# Pinched



## glenway (Mar 27, 2011)

The new Easy Set Mole Eliminator has been redesigned for the better - and, it wasn't bad before. Anyway, this new model is grabbing the earth movers left and right. Best mole trap invented!


----------



## Jonbnks (Jan 21, 2012)

I'll have to share this improved mole trap with my friend, his yard is infested with moles and his ground is constantly mushy.


----------



## glenway (Mar 27, 2011)

This unit is the best. Even though it may seem like dozens of moles have infested an area, in actuality, there's usually only a couple of them, because they don't tolerate others. You can check Ebay, JB, but make sure to get the Wire Tec patented brand, because there are some cheap knock-offs. No need to buy more than one. Just stomp the burrows down, mark them with a utility flag or stick and watch for the burrows to reappear.
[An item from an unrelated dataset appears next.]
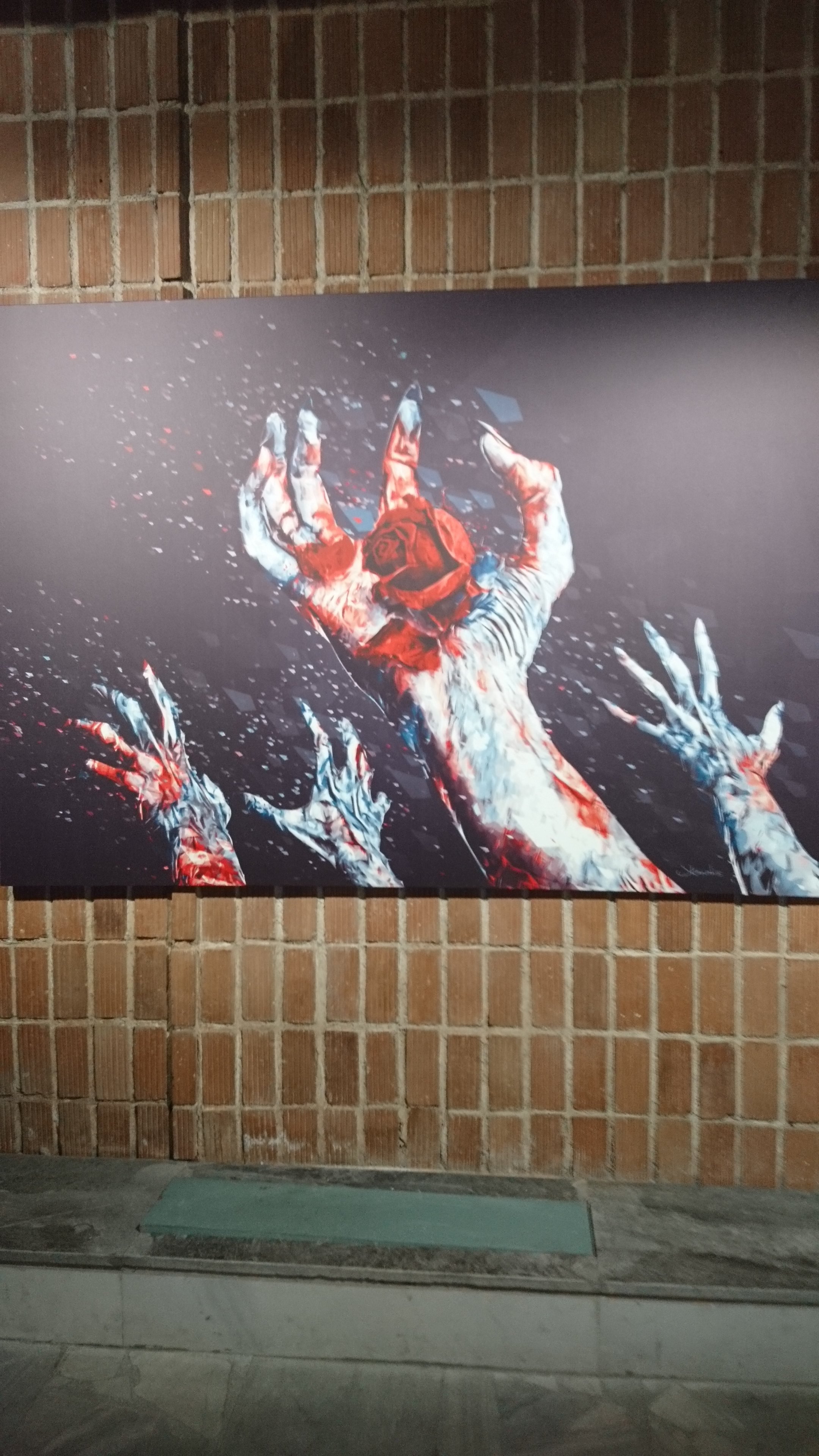 Στις 18 Μαρτίου ολοκληρώθηκε μια ενδιαφέρουσα έκθεση έργων τέχνης σε συνεργασία της FOX με το Ωδείο Αθηνών. Η σειρά για το zombie apocalypse που διανύει την 8η σαιζόν, βρήκε την θέση της στο ελληνικό κοινό οπότε και η έκθεση είχε και την ανάλογη μαζικότητα. Δεκάδες έργα αφορμόμενα από το κεντρικό στοιχείο της σειράς, δηλαδή τα zombie, αποτέλεσαν ένα ενδιαφέρον εικαστικό σχόλιο για τα στενά όρια μεταξύ ζωής και θανάτου, το εφήμερο της ζωής και το αναπόφευκτο του θανάτου, εκφρασμένο μέσα από μια σειρά μορφών: γλυπτά, μάσκες, μεταλλικές κατασκευές, digital art και αφηρημένα έργα τέχνης. Η αλληγορία της δυστοπικής κοινωνίας που επικρατεί το ένστικτο της επιβίωσης παράλληλα με τον κανιβαλισμό, έχει ένα ειδικό βάρος ως προς την συσχέτιση των τωρινών προσωπικών και εργασιακών σχέσεων και άφησε το στίγμα του στα περισσότερα εκθέματα.
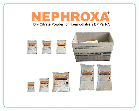 Nephroxa Dry Citrate Powder for Hemodialysis BP Part A is a highly effective hemodialysis concentrate designed for use in patients undergoing extracorporeal bicarbonate hemodialysis for both acute and chronic renal failure.

Set the trap and move it, if it doesn't grab one in a day. They'll run about $35 and well worth the American-made genius.

Here is a link: http://www.ebay.com/itm/Wire-Tek-Heavy-Gauge-Steel-EasySet-Mole-Eliminator-Trap-/131140026755?pt=LH_DefaultDomain_0&hash=item1e888e0183


----------



## NattyB (Jan 5, 2012)

Now you have something to line you boots.....


----------